Cut-and-choose games in topological spaces
Lucas Chiozini, Tamás Csernák, Lajos Soukup
TL;DR
This paper studies transfinite cut-and-choose games on $T_0$ spaces by introducing the point-separating number $ps(X)$ and the set membership number $sm(X)$ as ordinal-valued invariants capturing the minimal game length needed to determine a hidden point or subset. It establishes fundamental inequalities linking these invariants with $\psi w_0(X)$ and $|X|$, provides sharpness examples, and computes the invariants for classical spaces such as Cantor cubes, powers of the Alexandroff double arrow space, and stationary subsets. The authors analyze how $ps$ and $sm$ behave under topological sums and products, highlighting a striking contrast between the two invariants. They show that for metric (and developable) spaces $ps(X)=\log|X|$, while $sm(X)$ can be arbitrarily large; they also develop a stepping-up technique to realize a broad range of ordinals as values of $ps$, and discuss several open problems, including determinacy of these games and the precise values for Suslin lines and $\omega^*$. Overall, the work deepens understanding of ordinal-valued topological invariants arising from informational guessing games and reveals intricate interactions with classical topological invariants.
Abstract
We study transfinite cut-and-choose games on $T_0$ spaces, introducing the {\em point-separating number} $ps(X)$ and the {\em set membership number} ${sm}(X)$ as the ordinal-valued invariants measuring the minimal length of a game in which a Seeker can determine a hidden point or subset.
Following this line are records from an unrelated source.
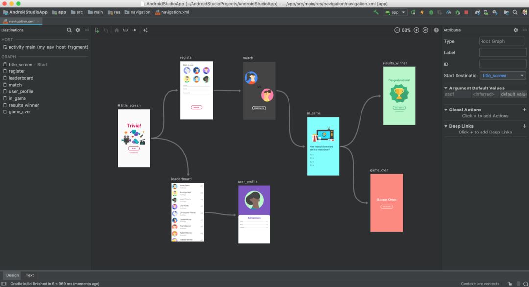 Navigation Editor - Navigation Editor 是一款可视化编辑器,主要用于构建支持新 Jetpack 导航组件的 XML 资源。开发者可以通过 Navigation Editor 和导航组件在应用屏幕和内容区域之间构建可预测的交互。在之前发布 Android Studio 中,我们仅提供了预览版的编辑器功能。在听取大家的反馈意见之后,我们保留并优化了这个功能。感谢向我们提供反馈的开发者。如需了解详情,请参阅《Navigation Editor 文档》。
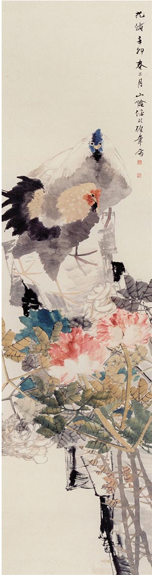 清 任伯年 牡丹雙雞圖 148.5×39.8cm 1891年 紙本
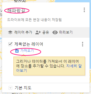 새 지도 만들기가 되었으면 지도의 이름을 입력하고 [가져오기]를 클릭한다.
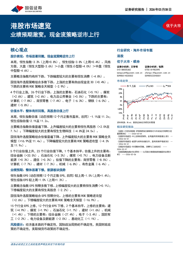 【国信证券】【202603】港股市场速览_业绩预期激变_现金流策略逆市上行-16页
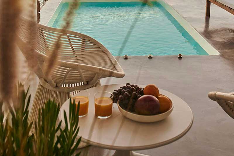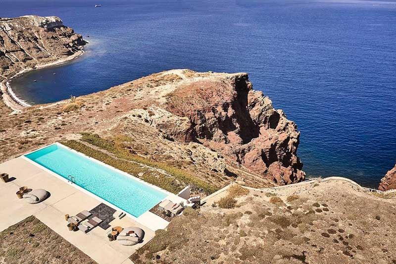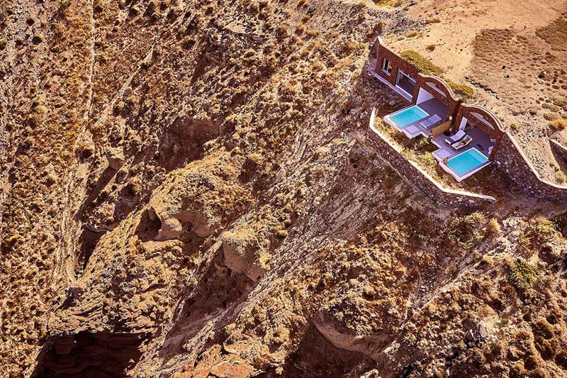 自然生態(tài)度假酒店坐落在圣托里尼島新月形狀的懸崖邊上,預(yù)計于今年5月初開放。在阿克羅蒂里古城附近,游客可以看到來自破火山口附近的碧藍(lán)海水和斑斕陡峭的熔巖層。這片建筑所帶來的與人類密切相關(guān)的體驗,進(jìn)一步點亮了周邊未經(jīng)雕琢的自然世界。復(fù)古飾品、大地色調(diào)和手工家具裝點了酒店的15間套房,筆直的線條、圣潔的白色與靈活的曲線等典型的圣托里尼建筑元素也在酒店中得以充分展現(xiàn)。在這里,人們可以盡享奢華的希臘式住宿,品嘗當(dāng)?shù)鼐虏穗龋惺軛趹已逻叺娜坝境兀趹敉馍缃恢行膮⒓痈鞣N有益身心的活動。
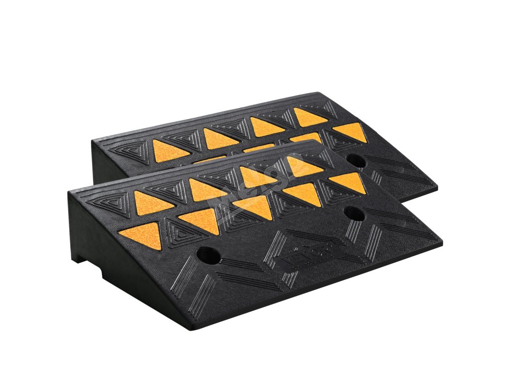 Gumené obrubníkové rampy poskytujú plynulý prechod cez obrubníky alebo schody pre autá, invalidné vozíky, bicykle a motocykle. So šírkou 15 palcov sú tieto rampy dostatočne široké na to, aby sa na ne zmestilo viacero kolies, takže sú vhodné pre rôzne vozidlá.
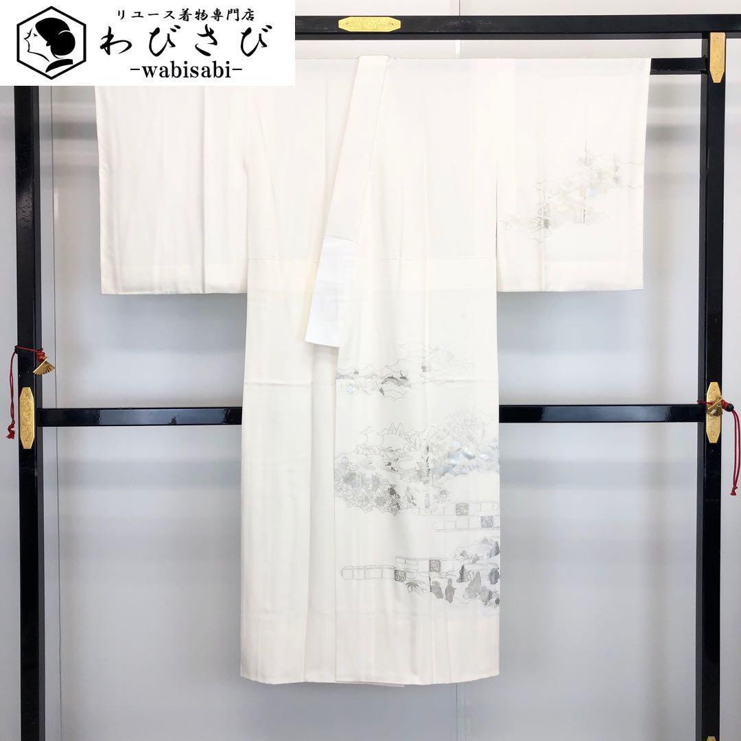 > 長襦袢 七福神 風景 花柄模様 金銀彩 乳白色 半衿付 J-209 着物 きもの kimono 和服 和装 中古 リサイクル着物 【送料無料】
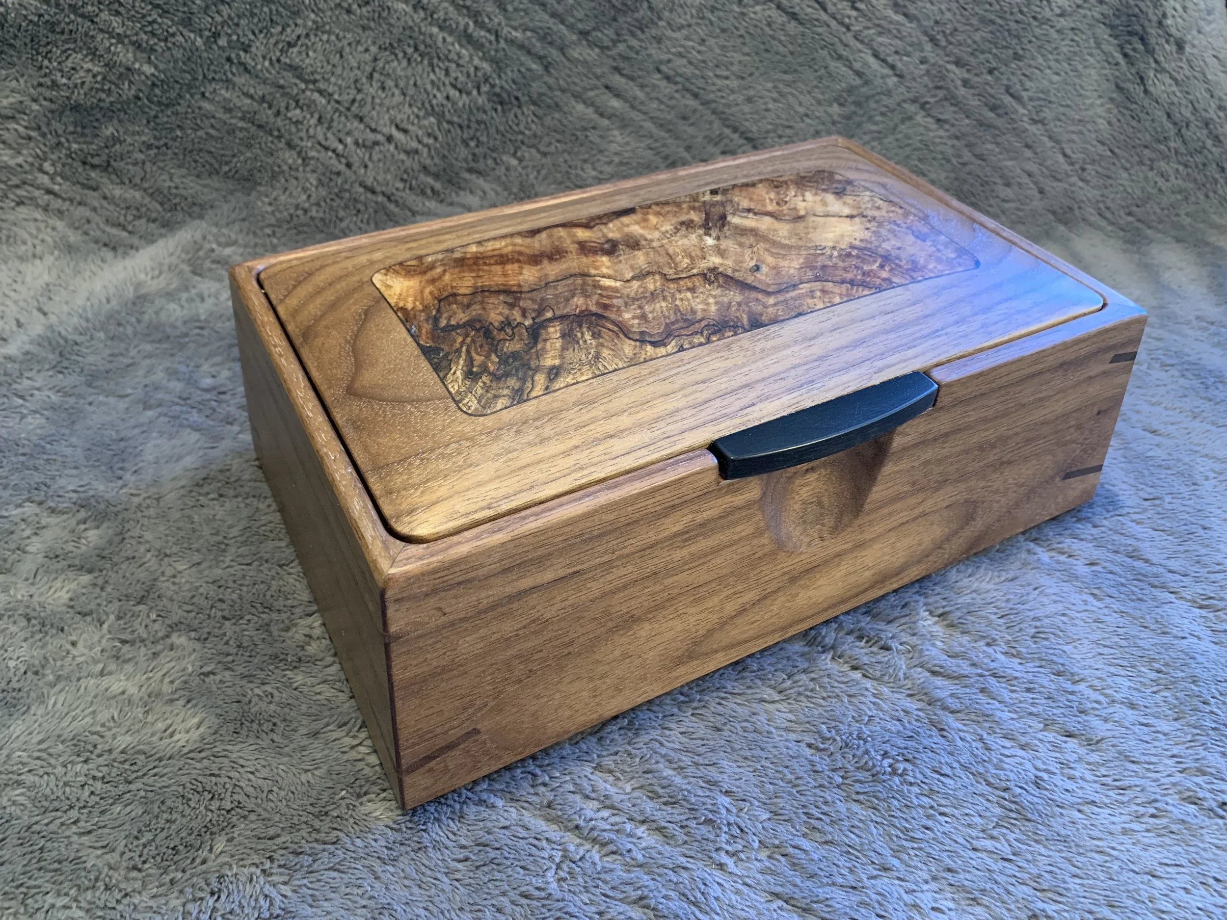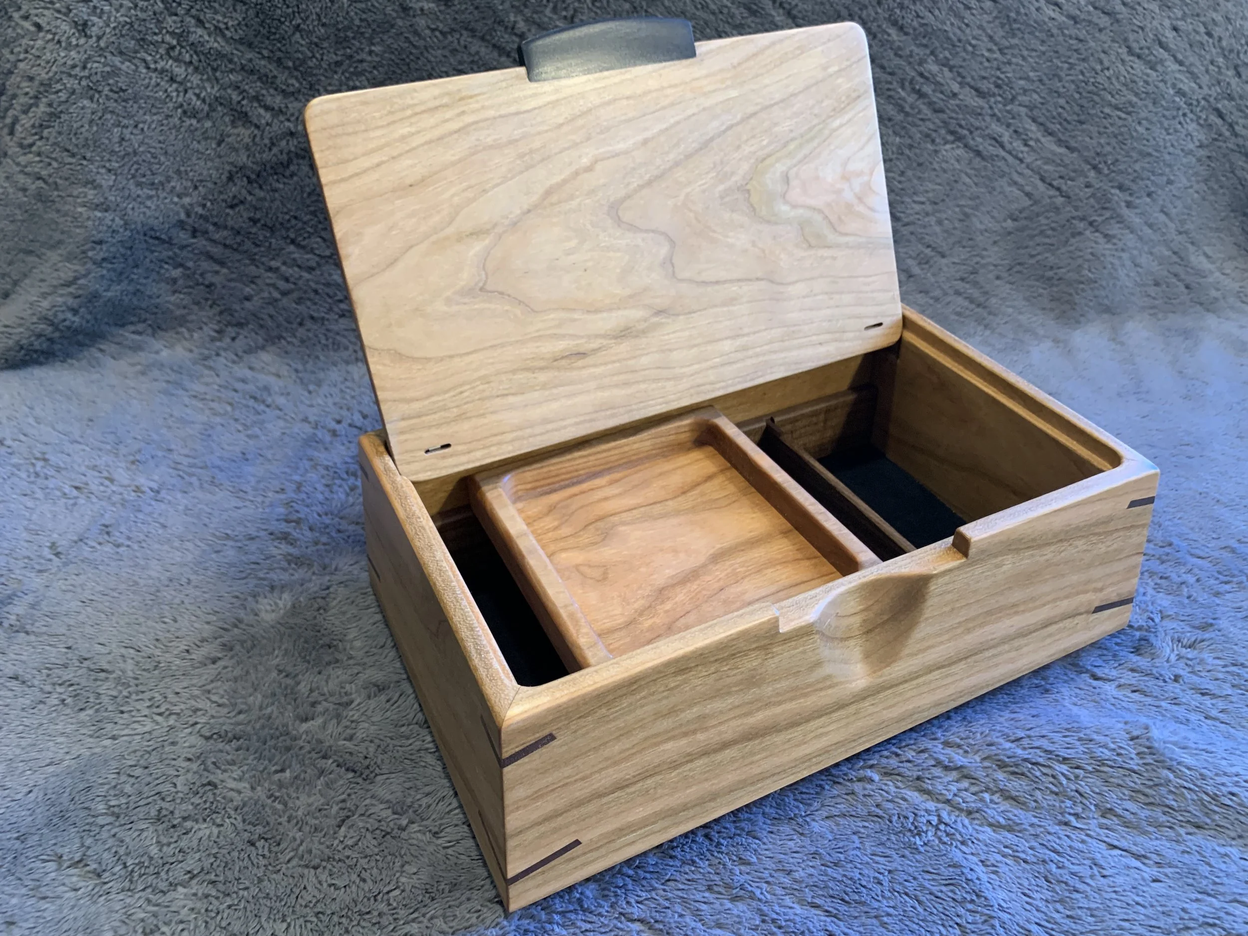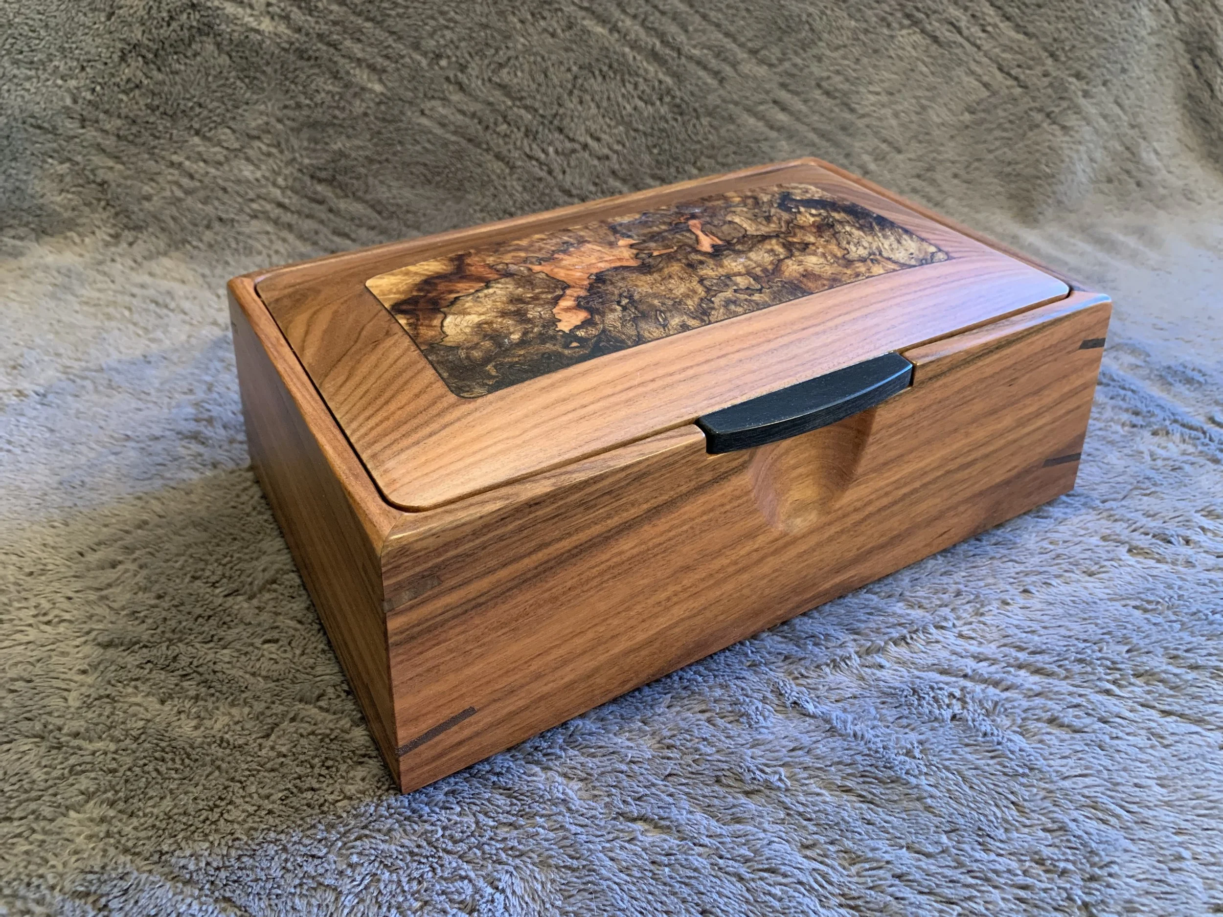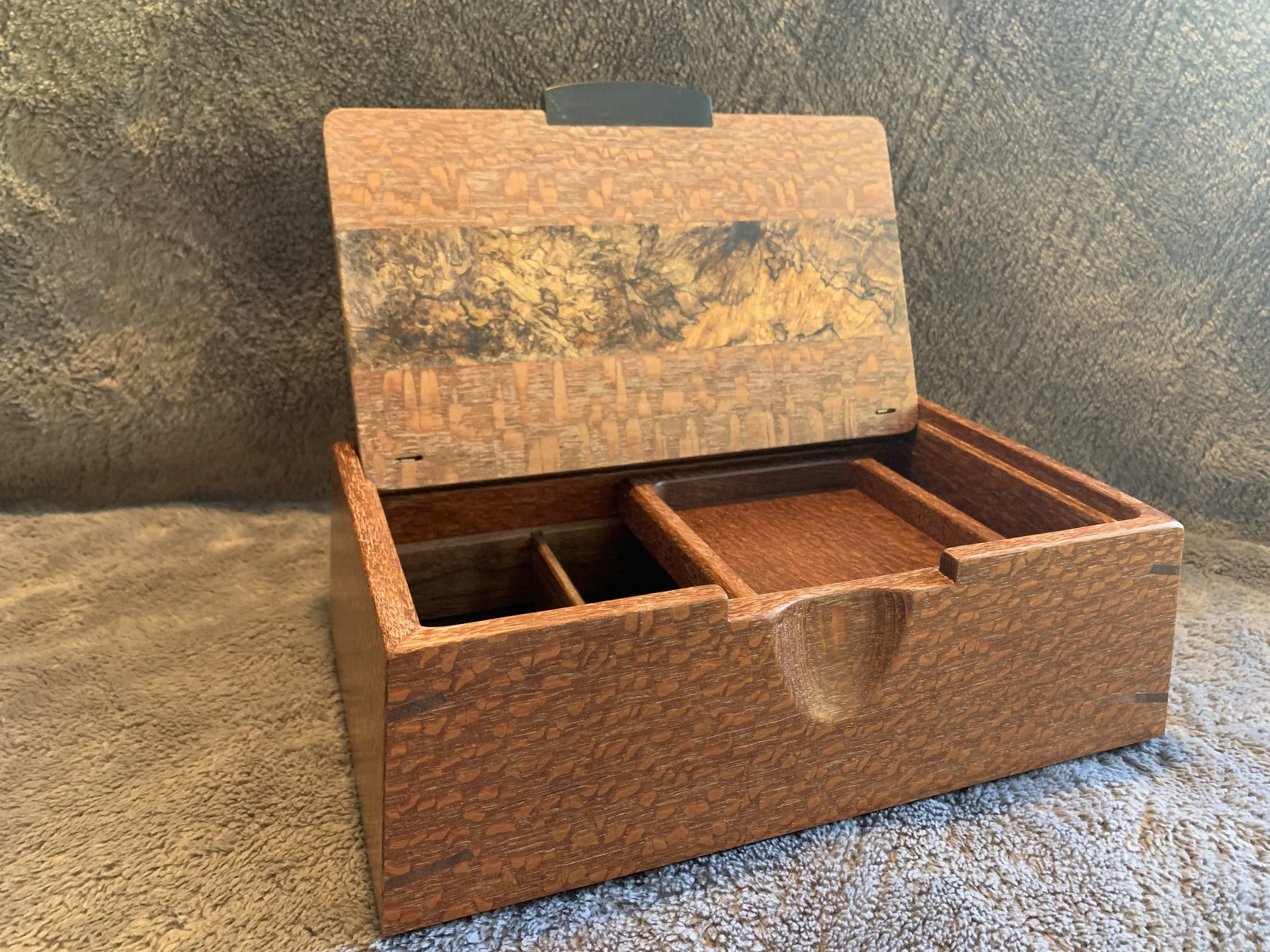 These boxes all feature spectacular Ink-Line Spalted Maple Burl as accent inserts on the lids. The lid pulls are made of Ebony, one of the most prized woods in the world. All four box sides feature a two-way taper and are joined with mitered corners that are reinforced with Walnut splines. The lid sits inside the box, with a hidden hinge. The front of the box has a carved recess for easy opening. The inside of the box is divided into sections with a tray resting on top. The bottom of the box is lined with Ultrasuede.

A central motivating question is which countable ordinals can occur as the value of $ps(X)$, in particular whether any countable ordinal can arise. These invariants generalize Scott's $T_0$-pseudoweight $ψw_0$. We establish fundamental inequalities relating $ps(X)$, ${sm}(X)$, $ψw_0(X)$, and $|X|$, including the sharp bounds $|X|\le 2^{ps(X)}$ and $ψw_0(X)\le 2^{<ps(X)}$. We compute these invariants for familiar spaces such as Cantor cubes, powers of the Alexandroff double arrow space, and certain stationary subsets of cardinals. We further investigate their behavior under topological sums and products, revealing the striking contrast between $ps$ and ${sm}$. For metric spaces, we determine that $ps(X)=\log|X|$. However, we do not know such computation for ${sm}(X)$; we can only assert that ${sm}(X)$ may be arbitrarily large. Finally, we highlight another open problem: whether these games are always determined.